Trabalhei por muitos anos em Unidade de Terapia Intensiva (UTI), inclusive na primeira do Hospital Geral Clériston Andrade (HGCA), com o Major Domingues, do Exército. Quando a UTI foi inaugurada, apenas nós dois éramos plantonistas. Metade do tempo com remuneração e outra metade sem. Parte dos dias, ela funcionava como uma semi-intensiva e dividíamos a prescrição dos pacientes, até que conseguimos uma equipe completa, pois eram raros os profissionais, naquela época.
Com o tempo, a UTI do Clériston cresceu, mas a demanda era maior do que a disponibilidade. E muitas, muitas, muitas vezes tive que escolher, na escassez daqueles tempos, entre 2 a 3 solicitações, quem iria ocupar a vaga disponível. Era dilacerante ser senhor da vida ou morte. É algo de onde não saímos bem. Ainda trabalhei em unidades privadas, por alguns anos. Depois, deixei as UTIs. Era exaustivo demais. Hoje, as UTIs estão em outro patamar.

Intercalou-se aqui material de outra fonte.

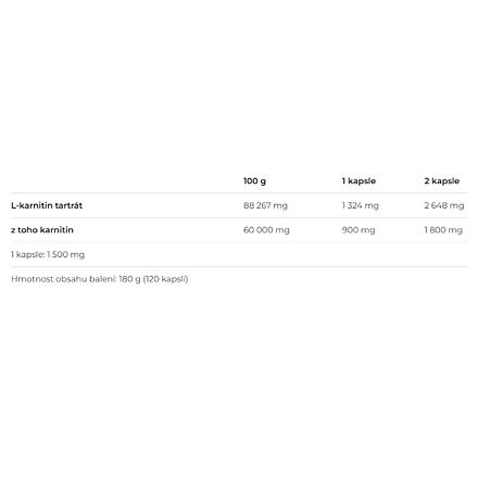 Čistá kryštalická forma karnitín tartrátu v podobe dobre vstrebateľných kapsúl, ktoré uľahčujú presné dávkovanie. Karnitín spolupôsobí ako prenášač molekúl mastných kyselín do mitochondrií buniek, kde dochádza k ich oxidácii za vzniku energie. Vhodný pre podporu výkonu aj diétneho režimu. značkový kryštalický karnitín Carnipure® 1 324 mg karnitín tartrátu v jednej kapsule ľahko vstrebateľnej kapsule Odporúčané dávkovanie: Užite 1 kapsulu ráno na lačno a 1 kapsulu 60 minút pred fyzickým výkonom. Zapite dostatočným množstvom vody. Maximálna denná dávka sú 2 kapsule. Neprekračujte odporúčané dávkovanie. Upozornenie: Doplnok stravy. Nenahrádza pestrú stravu. Nie je určené pre deti, tehotné a dojčiace ženy. Ukladajte mimo dosahu detí! Chráňte pred teplom, mrazom a vlhkosťou. Zloženie: L-karnitín tartrát, želatínová kapsula (želatína, farbivo oxid železa), plnidlo stearan horečnatý. Dodávateľ: NUTREND DS ., as ., Chválkovice 604, 779 00 Olomouc, Česká republika

Digo isso porque nada do que vivi chega perto do que as equipes de saúde de Manaus devem estar passando. Arrebentadas, dilaceradas, destruídas, oscilando entre a raiva e a impotência, com a frustração de ver um paciente após o outro ter seu oxigênio reduzido; de ver a saturação cair; de ver a hipóxia ir se instalando; de ver a luta insana e desesperada para respirar. E morrerem.
Ninguém de fora consegue imaginar a exata dimensão do impacto que isso tem. Não se segue adiante sem carregar sequelas. Eu não gostaria de estar na pele deles, porque acho que teria um surto de insanidade.
Que Deus, sob qualquer de suas formas, os proteja!